[Sca-cooks] Questions on coffee
grm at andrew.cmu.edu
Wed Jan 27 06:44:28 PST 2010
--On Wednesday, January 27, 2010 7:30 AM -0700 edoard at medievalcookery.com
>> -------- Original Message --------
>> From: "Phil Troy / G. Tacitus Adamantius"
>> And in the end, some of this might be akin, in terms of social impact,
>> to finding that buried Tudor banana peel; are we, as researchers,
>> looking for the "gotcha" experience, neener neener, or a more accurate
>> overall representation of everyday life in our period?
> Add to this that the blanket question "Is [x] period?" can be so
> generalized as to be pointless - it leaves out the important specifics
> of where and when. If you use "average medieval Europe" as a guideline
> then no, coffee is not period. It wasn't consumed in the typical
> European culture throughout the middle ages. If you use "ever consumed
> anywhere that had any contact with Europe in the time period before
> 1650" then coffee (along with just about any African, Asian, or American
> foodstuff) is "period".
> I find the whole "Ferderic of Lyon once wrote in his journal that he had
> pifflefish while visiting Lilliput in 1648, so pifflefish is period!" to
> be a disingenuous exercise for the sole purpose of justifying the
> individual's choices in the SCA context.
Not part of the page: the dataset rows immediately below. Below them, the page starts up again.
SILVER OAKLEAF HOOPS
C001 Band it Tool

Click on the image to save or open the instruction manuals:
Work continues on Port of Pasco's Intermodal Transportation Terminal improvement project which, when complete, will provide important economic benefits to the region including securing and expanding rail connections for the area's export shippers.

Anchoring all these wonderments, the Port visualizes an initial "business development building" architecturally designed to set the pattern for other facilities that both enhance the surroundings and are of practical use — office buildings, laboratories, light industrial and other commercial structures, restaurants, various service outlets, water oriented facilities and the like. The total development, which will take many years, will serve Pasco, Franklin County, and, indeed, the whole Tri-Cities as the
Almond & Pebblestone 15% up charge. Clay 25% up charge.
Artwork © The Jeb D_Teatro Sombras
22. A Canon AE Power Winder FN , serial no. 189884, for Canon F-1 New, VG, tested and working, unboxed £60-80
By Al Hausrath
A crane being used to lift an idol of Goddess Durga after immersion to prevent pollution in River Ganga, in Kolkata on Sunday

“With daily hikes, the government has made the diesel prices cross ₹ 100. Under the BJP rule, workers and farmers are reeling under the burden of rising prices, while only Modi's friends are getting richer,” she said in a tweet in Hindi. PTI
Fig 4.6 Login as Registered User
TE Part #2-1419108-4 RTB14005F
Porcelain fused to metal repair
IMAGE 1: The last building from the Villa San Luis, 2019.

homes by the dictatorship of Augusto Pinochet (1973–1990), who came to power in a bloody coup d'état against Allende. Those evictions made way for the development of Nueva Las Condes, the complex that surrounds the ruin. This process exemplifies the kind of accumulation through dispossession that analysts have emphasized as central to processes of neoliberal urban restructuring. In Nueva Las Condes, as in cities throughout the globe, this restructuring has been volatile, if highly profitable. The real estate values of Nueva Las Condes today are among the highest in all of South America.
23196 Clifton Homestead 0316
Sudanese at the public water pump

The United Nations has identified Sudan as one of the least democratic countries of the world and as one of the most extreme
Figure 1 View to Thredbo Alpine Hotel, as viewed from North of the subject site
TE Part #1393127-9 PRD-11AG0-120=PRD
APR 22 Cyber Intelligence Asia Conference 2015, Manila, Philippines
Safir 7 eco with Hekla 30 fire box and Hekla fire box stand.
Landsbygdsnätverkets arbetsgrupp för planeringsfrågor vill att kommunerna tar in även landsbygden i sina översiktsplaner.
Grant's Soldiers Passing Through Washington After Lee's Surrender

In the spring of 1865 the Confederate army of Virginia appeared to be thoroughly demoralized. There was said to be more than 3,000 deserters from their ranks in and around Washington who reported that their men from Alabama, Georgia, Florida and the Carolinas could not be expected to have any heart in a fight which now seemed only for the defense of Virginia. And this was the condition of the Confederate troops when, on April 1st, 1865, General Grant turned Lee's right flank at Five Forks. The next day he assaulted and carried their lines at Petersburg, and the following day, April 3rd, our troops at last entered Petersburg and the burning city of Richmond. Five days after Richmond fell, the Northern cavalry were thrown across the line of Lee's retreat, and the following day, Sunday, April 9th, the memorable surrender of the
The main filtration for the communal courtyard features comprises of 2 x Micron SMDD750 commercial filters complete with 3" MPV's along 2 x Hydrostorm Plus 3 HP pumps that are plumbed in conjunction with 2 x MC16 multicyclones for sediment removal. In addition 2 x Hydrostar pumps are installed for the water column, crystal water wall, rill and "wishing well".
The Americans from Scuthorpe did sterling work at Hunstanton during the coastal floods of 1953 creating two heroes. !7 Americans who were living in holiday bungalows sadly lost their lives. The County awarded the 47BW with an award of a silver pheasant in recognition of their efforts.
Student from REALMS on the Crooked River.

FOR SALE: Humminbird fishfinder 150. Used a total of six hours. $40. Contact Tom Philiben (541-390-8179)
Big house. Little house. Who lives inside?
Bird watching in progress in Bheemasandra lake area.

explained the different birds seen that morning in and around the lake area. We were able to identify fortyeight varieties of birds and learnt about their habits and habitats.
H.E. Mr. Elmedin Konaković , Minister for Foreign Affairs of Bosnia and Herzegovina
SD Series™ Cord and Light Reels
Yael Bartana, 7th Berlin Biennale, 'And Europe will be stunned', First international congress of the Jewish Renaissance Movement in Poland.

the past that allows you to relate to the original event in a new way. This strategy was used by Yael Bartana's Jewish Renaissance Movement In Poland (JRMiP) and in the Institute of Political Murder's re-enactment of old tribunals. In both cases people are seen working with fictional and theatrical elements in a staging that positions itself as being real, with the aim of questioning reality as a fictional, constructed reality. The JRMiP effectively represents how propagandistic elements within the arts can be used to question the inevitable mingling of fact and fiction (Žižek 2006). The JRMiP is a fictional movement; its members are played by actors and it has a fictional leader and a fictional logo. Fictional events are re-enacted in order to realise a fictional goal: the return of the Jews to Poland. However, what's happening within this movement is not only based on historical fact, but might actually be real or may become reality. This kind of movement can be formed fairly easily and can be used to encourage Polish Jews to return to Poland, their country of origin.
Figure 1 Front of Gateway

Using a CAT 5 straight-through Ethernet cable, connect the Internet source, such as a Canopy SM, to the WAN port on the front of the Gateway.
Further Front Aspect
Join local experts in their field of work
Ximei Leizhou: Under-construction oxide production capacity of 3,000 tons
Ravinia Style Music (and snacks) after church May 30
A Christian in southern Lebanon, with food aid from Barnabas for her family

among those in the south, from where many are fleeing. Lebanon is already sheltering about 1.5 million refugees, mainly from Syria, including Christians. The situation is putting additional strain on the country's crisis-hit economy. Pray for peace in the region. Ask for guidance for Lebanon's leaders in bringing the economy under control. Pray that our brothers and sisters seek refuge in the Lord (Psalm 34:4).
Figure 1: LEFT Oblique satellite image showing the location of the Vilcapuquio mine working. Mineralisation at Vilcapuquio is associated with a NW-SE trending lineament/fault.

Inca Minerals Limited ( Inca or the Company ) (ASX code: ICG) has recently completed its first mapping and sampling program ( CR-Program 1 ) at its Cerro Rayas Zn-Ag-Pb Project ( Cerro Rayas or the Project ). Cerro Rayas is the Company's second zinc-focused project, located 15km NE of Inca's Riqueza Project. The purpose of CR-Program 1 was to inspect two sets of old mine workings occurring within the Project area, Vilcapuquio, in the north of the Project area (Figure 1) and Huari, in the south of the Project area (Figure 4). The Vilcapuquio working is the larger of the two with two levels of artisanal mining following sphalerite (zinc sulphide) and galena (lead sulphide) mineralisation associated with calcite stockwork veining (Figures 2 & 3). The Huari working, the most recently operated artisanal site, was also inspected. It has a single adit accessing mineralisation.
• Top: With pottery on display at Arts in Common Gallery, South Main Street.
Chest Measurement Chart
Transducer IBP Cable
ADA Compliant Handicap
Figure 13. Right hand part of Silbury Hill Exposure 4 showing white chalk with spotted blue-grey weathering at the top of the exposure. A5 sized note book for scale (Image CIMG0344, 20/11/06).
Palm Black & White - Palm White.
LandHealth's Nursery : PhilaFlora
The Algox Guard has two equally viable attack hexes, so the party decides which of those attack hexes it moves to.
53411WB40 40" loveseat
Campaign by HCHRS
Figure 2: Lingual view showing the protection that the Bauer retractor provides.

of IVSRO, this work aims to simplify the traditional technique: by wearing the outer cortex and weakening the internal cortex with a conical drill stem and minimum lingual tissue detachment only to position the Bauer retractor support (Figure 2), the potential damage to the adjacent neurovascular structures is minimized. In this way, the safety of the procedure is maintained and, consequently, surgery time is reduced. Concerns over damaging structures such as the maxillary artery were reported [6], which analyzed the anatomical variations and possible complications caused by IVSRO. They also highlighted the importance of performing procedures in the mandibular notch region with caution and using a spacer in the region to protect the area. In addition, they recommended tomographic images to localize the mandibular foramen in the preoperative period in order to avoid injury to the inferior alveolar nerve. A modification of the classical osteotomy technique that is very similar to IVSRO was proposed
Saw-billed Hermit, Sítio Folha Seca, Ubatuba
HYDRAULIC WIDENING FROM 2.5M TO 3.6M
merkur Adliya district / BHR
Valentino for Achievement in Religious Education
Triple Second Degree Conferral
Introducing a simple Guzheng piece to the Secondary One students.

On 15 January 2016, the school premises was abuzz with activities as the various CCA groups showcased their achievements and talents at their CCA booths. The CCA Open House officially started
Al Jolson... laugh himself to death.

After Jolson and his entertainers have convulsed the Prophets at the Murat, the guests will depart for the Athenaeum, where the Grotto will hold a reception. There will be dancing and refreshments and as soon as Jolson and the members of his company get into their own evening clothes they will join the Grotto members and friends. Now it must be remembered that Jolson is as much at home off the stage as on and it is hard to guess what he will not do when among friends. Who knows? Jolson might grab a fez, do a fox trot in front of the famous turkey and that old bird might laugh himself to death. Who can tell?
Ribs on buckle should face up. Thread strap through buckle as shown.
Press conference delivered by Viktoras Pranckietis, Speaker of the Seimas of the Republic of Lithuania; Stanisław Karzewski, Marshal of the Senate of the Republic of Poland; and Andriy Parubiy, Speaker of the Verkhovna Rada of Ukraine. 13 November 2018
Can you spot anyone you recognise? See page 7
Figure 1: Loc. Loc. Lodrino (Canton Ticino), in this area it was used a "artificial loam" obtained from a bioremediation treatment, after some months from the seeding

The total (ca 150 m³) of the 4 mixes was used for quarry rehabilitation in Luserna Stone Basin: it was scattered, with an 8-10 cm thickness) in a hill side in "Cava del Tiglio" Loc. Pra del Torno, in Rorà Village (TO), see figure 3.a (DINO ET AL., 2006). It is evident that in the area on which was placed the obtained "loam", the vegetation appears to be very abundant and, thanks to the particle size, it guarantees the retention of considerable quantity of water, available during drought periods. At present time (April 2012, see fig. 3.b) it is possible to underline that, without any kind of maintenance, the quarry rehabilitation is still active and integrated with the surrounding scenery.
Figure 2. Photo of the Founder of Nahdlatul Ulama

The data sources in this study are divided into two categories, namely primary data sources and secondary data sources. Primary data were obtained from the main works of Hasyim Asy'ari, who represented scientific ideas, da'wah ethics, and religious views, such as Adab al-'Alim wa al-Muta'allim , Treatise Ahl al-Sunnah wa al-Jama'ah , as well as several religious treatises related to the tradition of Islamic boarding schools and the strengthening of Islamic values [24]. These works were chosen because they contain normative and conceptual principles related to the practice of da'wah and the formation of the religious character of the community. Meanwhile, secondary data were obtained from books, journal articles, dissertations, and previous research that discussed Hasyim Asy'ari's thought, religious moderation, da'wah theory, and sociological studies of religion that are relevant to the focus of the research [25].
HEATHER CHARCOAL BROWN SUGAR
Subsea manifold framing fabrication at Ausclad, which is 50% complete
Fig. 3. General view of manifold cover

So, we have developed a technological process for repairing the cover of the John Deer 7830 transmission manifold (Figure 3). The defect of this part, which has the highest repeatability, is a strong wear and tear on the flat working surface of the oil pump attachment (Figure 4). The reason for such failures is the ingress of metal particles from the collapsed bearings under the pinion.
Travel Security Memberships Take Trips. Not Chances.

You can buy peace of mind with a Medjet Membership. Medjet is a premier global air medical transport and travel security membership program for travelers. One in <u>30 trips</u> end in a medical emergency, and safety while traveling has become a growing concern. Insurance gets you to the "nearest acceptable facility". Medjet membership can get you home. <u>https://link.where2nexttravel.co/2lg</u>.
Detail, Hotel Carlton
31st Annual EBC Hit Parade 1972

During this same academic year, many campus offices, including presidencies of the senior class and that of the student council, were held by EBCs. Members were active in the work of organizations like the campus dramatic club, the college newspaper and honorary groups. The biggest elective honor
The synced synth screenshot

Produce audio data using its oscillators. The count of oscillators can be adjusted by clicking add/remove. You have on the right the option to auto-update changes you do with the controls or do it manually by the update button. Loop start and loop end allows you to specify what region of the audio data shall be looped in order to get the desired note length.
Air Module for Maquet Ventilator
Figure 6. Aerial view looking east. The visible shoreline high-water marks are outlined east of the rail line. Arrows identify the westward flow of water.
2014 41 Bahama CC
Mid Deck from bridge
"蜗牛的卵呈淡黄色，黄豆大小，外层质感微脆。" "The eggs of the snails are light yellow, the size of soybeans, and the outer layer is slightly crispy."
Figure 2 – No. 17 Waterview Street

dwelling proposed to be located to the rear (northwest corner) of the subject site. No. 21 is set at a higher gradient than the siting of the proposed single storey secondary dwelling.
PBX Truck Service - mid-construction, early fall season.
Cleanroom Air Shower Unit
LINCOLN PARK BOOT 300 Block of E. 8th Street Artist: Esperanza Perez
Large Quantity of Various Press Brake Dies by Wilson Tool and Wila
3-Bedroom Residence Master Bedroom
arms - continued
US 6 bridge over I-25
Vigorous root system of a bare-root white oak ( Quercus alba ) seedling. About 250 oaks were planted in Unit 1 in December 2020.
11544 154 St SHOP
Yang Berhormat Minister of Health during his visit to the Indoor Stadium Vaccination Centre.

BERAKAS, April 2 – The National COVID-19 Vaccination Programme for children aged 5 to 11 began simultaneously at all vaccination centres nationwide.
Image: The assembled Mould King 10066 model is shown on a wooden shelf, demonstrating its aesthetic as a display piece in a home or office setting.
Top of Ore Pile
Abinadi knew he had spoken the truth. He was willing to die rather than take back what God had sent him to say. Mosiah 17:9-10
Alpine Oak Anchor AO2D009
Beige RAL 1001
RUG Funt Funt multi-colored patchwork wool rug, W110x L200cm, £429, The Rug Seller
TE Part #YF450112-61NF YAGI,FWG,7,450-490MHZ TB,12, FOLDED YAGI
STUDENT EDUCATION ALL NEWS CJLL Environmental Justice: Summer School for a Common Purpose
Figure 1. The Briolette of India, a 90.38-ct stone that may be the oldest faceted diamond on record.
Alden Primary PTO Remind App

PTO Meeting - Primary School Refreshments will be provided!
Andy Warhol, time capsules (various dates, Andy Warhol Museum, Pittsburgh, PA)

> - Doc (who's feeling cranky today)
All true -- but it is a way of thinking encouraged by the entire social
structure of the SCA. The fact that in one room we have Vikings rubbing
elbows with 16th C Dutch tradesmen, who are fighting next to the Spartan
regiment, who are camped next to the "we're peasants, but we're really
fairies" crowd makes it a very difficult mold to break outside the large
research context (and even sometimes within it). Now, I'm not saying this
is good or bad (I know the argument that one brings up), just pointing it
And, the context has been true of several threads lately -- not just
coffee. Sandwichs, Mac and Cheese, etc. The names all evoke a food fixed in
the average everyday American kitchen, even if there is a recipe in a
pre-1600 cookbook for a dish that is similar in construction.